L'erreur étant humaine, l'industrie a su progressivement développer des outils pour automatiser ces tests et se passer des vérifications manuelles, fastidieuses et peu fiables. Les tests automatisés sont dorénavant un maillon essentiel dans n'importe quelle CI/CD digne de ce nom et leur succès un préalable requis à toute passage en production.
L'approche pyramidale
Mais la mise en place de tests dans une application complexe emporte aussi avec elle son lot de pièges et d'arbitrages techniques. Car on ne sait jamais trop par où commencer, ni ce qu'on doit tester exactement... La fameuse « pyramide de tests » popularisée par Mike Cohn et reprise par Martin Fowler sert souvent de feuille de route :
Elle se décompose ainsi :
👉 BEAUCOUP de tests unitaires simples et rapides (fonctions métiers, utilitaires, fonctions pures etc.)
👉 QUELQUES tests d'intégration à plus haut niveau (composants avec leurs dépendances)

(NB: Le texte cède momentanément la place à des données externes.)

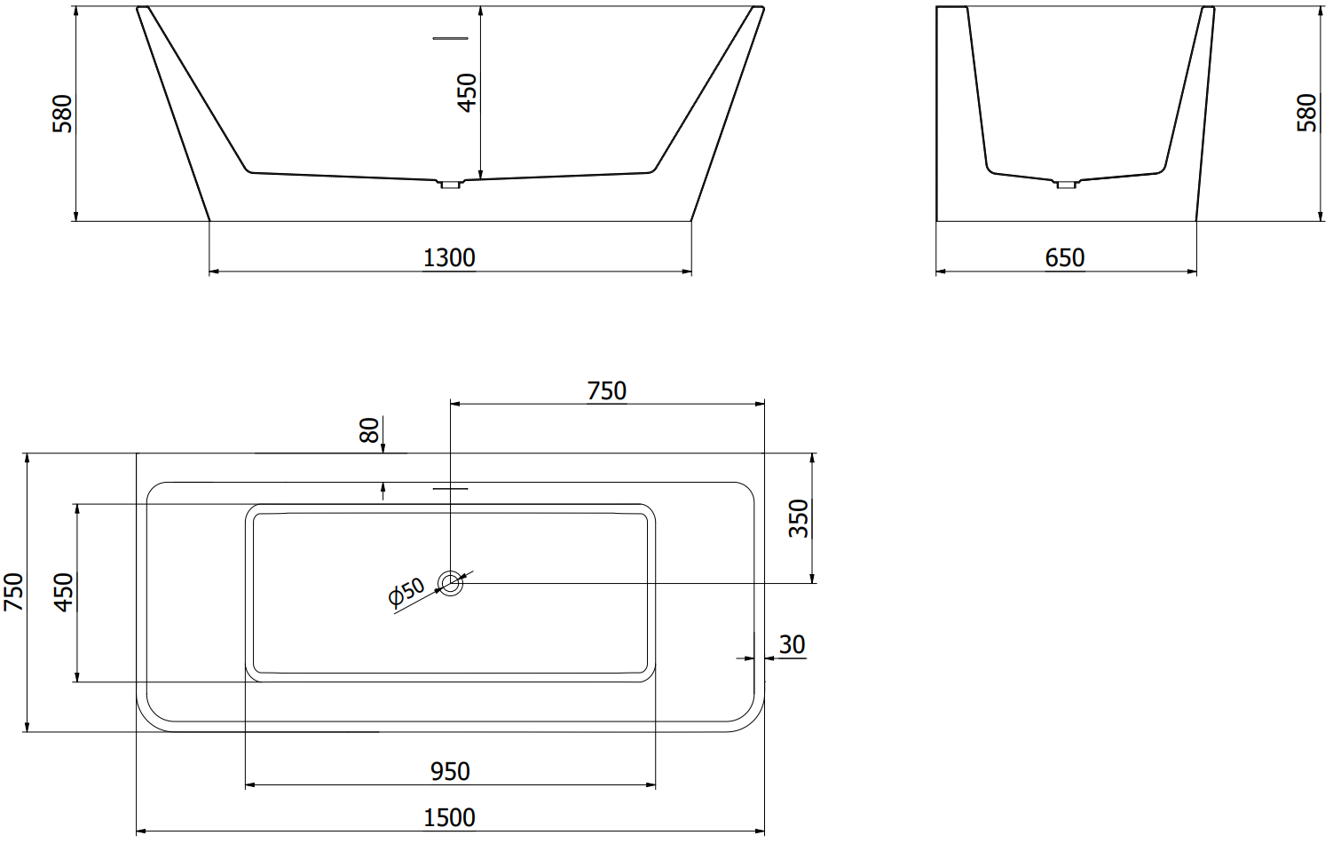 Mexen Volta baignoire îlot adossée 150 x 75 cm, blanc/noir, trop-plein noir - 51131507575-70
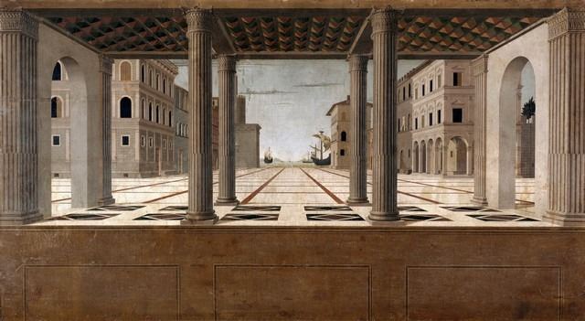 Artist: Francesco di Giorgio Martini - Title: Architectural Veduta - Medium: Fine Art Reproduction Giclee on Canvas - Image Size: Approximately 17.5 inches x 32 inches - Unframed on Unstretched Canvas - Biography: Francesco di Giorgio Martini was an Italian architect, engineer, painter, sculptor, and writer. As a painter, he belonged to the Sienese School. He was considered a visionary architectural theorist--in Nikolaus Pevsner's terms: "one of the most interesting later Quattrocento architects". As a military engineer, he executed architectural designs and sculptural projects and built almost seventy fortifications for the Federico da Montefeltro, Count of Urbino, building city walls and early examples of star-shaped fortifications.
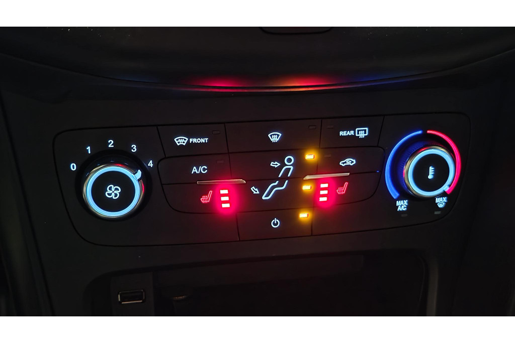 Nooit meer te warm of te koud. De automatische airconditioning zorgt altijd voor de temperatuur die u kiest. Natuurlijk is een complete auto als deze ook voorzien van sensoren die de omgeving in de gaten houden. Deze Ford heeft niet alleen een automatisch inschakelbare verlichting aan boord, maar ook een regensensor. Cruise control verlaagt de brandstofkosten en verhoogt het rijcomfort. En deze auto heeft ook automatisch dimmende binnenspiegel, lederen stuur en versnellingspook, centrale deurvergrendeling met afstandsbediening en boordcomputer als standaard uitrusting.
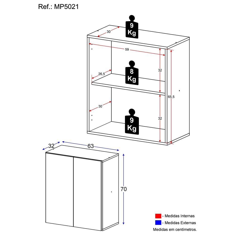 O Armário Lavanderia com 2 Portas Multimóveis MP5021 é produzido em MDP com acabamento acetinado (cerca de 20% de brilho), que garante maior durabilidade, facilidade na limpeza, além de um acabamento superior. Com 2 portas, possui um excelente espaço interno para organizar utensílios e produtos de limpeza (a prateleira interna suporta 8 Kg e o tampo 9 Kg) e ainda acompanha kit para ser montado de forma suspensa, conforme a altura que você quiser do chão. Conteúdo da Embalagem: 1 (um) Armário 2 portas 1 (um) kit com suporte suspenso para armário Kit ferragem Manual de montagem Dimensões do produto montado: Altura: 70cm | Largura: 63cm | Profundidade: 32cm *Você pode consultar as medidasdetalhadas na imagem técnica do produto. *As cores do produto podem sofrer variações de tonalidade de acordo com as configurações do seu dispositivo. Imagem meramente ilustrativa. Decoração e eletros não acompanham o produto. O produto será entregue desmontado e não disponibilizamos o serviço de montagem.
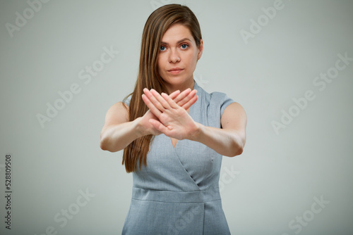 Woman gesturing stop with crossed hands. isolated female portrait.

👉 SI POSSIBLE des tests end-to-end lents mais plus réalistes car simulant un navigateur réel
Dans les faits, on rencontre surtout des applications bardées de tests unitaires (pour celles qui ont des tests...). Ces tests sont généralement écrits après coup, sans stratégie globale, avec parfois quelques tests de composant qui surnagent au milieu — si on a de la chance ! 🫠
L'approche trophée
De plus, les outils et les frameworks ont évolué tendant à rendre cette approche pyramidale caduque. Kent C. Dodds par exemple a défendu une version révisée de la pyramide avec le « trophée de test » :
1️⃣ L'analyse statique
Au pied du trophée, on trouve d'abord une couche statique, forme de « test préventif », assurée par tous les outils de lint et de typage à notre disposition (ESLint, Biome, Typescript, SonarQube). Ces technologies permettent de détecter précocement des erreurs syntaxiques, des problèmes de type, des anti-patterns ou d'appliquer des conventions d'écriture pour assurer la qualité et la lisibilité maximales de votre code. Il ne s'agit pas de tests à proprement parler mais des sentinelles qui parcourent votre code pour lever régulièrement des alertes.
2️⃣ Les tests unitaires
Vient ensuite une base de tests unitaires pour tester notre logique en isolation. Jest ou Vitest (compatible avec Jest mais plus rapide) font ça très bien.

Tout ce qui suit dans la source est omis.